Delaware Water Gap BottlesGlass is a hard substance, usually brittle and transparent, composed chiefly of silicates and an alkali fused at high temperature.

Composition and Properties of Glass

Most glass is a mixture of silica obtained from beds of fine sand or from pulverized sandstone; an alkali to lower the melting point, usually a form of soda or, for finer glass, potash; lime as a stabilizer; and cullet ( waste glass ) to assist in melting the mixture. The properties of glass are varied by adding other substances, commonly in the form of oxides, e.g., lead, for brilliance and weight; boron, for thermal and electrical resistance; barium, to increase the refractive index, as in optical glass; cerium, to absorb infrared rays; metallic oxides, to impart color; and manganese, for decolorizing.

The term "crystal glass, " derived from rock crystal, was at first applied to clear, highly refractive glass; it has come to denote in the trade a high-grade, colorless glass and is sometimes applied to any fine hand-blown glass.

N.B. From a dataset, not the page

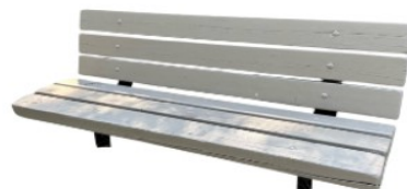
b) Trails & Parks Bench

The Process of Glassmaking

The processes of glassmaking have remained essentially the same since ancient times. The materials are fused at high temperatures in seasoned fireclay containers, boiled down, skimmed, and cooled several hundred degrees; then the molten glass ( called metal ) is ladled or poured into molds and pressed, or is blown ( sometimes into molds, ) or is drawn. The shaped glass is annealed to relieve stresses caused by manipulation, then is slowly cooled. The glass, formerly annealed on shelves in a melting furnace, is now usually carried on rollers through annealing ovens ( lehrs. )

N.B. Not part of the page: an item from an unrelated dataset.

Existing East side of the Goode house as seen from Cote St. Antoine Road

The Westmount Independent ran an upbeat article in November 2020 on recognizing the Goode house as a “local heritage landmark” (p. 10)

Although today most hollow vessels such as light bulbs or containers are machine blown, fine ornamental hollow ware is still made by gathering a mass of glass at the end of a long, iron blowpipe, blowing it into a pear-shaped bulb, which is rolled on an oiled slab ( marver ), shaped with tools, and then reblown, often into a mold; the glass is reheated periodically in a small furnace ( glory hole. ) It is finally transferred to an iron rod ( punty ) attached to the base of the vessel, and the lip is shaped and smoothed. Methods of decoration include cutting, copper-wheel engraving, etching with hydrofluoric acid, enameling, gilding, and painting.

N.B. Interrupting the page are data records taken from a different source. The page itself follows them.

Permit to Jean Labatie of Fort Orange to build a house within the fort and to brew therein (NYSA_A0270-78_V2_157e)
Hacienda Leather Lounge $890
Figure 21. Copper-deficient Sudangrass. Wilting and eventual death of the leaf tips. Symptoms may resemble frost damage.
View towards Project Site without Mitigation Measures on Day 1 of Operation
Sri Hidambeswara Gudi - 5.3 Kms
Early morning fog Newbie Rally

Development of the Glass Industry

Humans have used glass since prehistoric times, at first fashioning small objects from natural glass such as obsidian, a volcanic glass, or from rock crystal, a colorless, transparent quartz whose brilliance and clarity are emulated in manufactured glass.

Ancient Glassmaking

The place and date of origin of manufactured glass are not known. The oldest known specimens of glass are from Egypt ( c.2000 BC ), where the industry was well established c.1500 BC. Many varieties of glass were known during Roman times, including cameo glass, such as the Portland vase, and millefiore glass, produced from fused and molded bundles of thin glass rods of many colors. Glass was also used for window panes, mirrors, prisms, and magnifying glasses. Except for the work done in Constantinople, little is now known of the methods of glassmaking used in Europe from the fall of Rome until the 10th cent., when stained glass came into use.

Early European Glassmaking

Venice was the leader in making fine glassware for almost four centuries after the Crusades and attempted to monopolize the industry by strict control at Murano of glassworkers, who were severely penalized for betraying the secrets of the art. After the invention ( c.1688 ) of a process for casting glass, France was for many years supreme in the manufacture of plate glass such as that used to line the Galerie des Glaces at Versailles. Late in the 17th cent. England began to make flint glass, whose lead oxide content imparted a brilliance and softness that made it suitable for cut glass.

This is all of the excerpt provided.